Aria. She had been here. In my room. In my private space. The security of the De Luca family, the impenetrable fortress Alex was meant to command, had been breached by a woman he called a "vessel."

The truth, however, came at a party a month later. It was a formal gathering of the family's most important business associates at a private club downtown. Alex was the perfect host, his arm possessively around my waist, a smile fixed on his face for the public. But his eyes were distant.

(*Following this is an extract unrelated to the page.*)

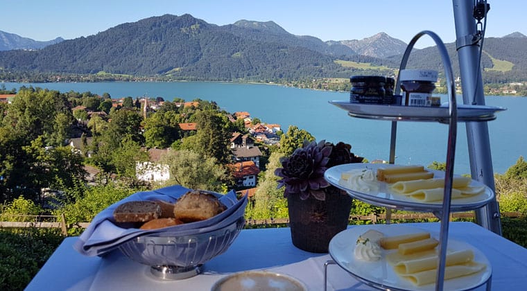 Circa 20 Kilometer lang ist die Umrundung – perfekt für eine kleine Radtour, Spaziergang oder auch einen Lauf. Für kulinarische Zwischenstopps eignen sich die umliegenden kleinen Dörfer – alle idyllisch schön am See gelegen. Unsere Lieblingsorte für Zwischenstopps in einem Café oder Biergarten waren Tegernsee, Rottach-Egern und Bad Wiessee. Als Urlaubsunterkunft hatten wir uns für das Hotel „DAS TEGERNSEE“ entschieden. Wenn ihr es elegant mögt und einen unglaublichen Panoramablick genießen wollt, dann seid ihr hier genau richtig.

I excused myself for a moment, seeking refuge on a dimly lit terrace. Through an open door to a private office, I heard his voice. He was speaking with Mark, his Consigliere.

"I can't get enough of her, Mark," Alex was saying, his voice rough with an emotion I hadn't heard in years. "She's fire. Real. Not like... a perfect statue."

My blood ran cold.

"The villa in Lake Como," Alex continued, "get it ready. After the baby is born, I'm setting her up there. Her and the kid."

The villa. The one he'd promised me for our tenth anniversary. A place for *us*.

My hand trembled, and I knocked over a tray of empty glasses. They shattered on the stone floor. Alex and Mark fell silent. A second later, Alex appeared in the doorway, his face a mask of panic.

"Katarina. What are you doing here?"

"Who is she, Alex?" I whispered, the words catching in my throat.

"It's nothing," he hissed, grabbing my arm. "Aria is not here. You heard nothing. Mark," he barked over his shoulder, "this conversation never happened."

He pulled me away, his grip bruising. Later that night, when he thought I was asleep, I slipped his encrypted tablet from his briefcase. His password was still my birthday. The irony was a bitter pill.

There she was. Aria. Dozens of photos. Laughing in his car. Wearing his shirt in a bed that wasn't ours. And then I saw it: a folder labeled "Como." Inside were architectural plans for a nursery. Blueprints for a life that didn't include me.

The perfect statue had finally cracked. And I knew I couldn't just leave. In our world, wives of the Underboss don't just walk away. They disappear. But I would not be another victim. I would orchestrate my own exit, on my own terms, for the honor of a family he was so willing to betray.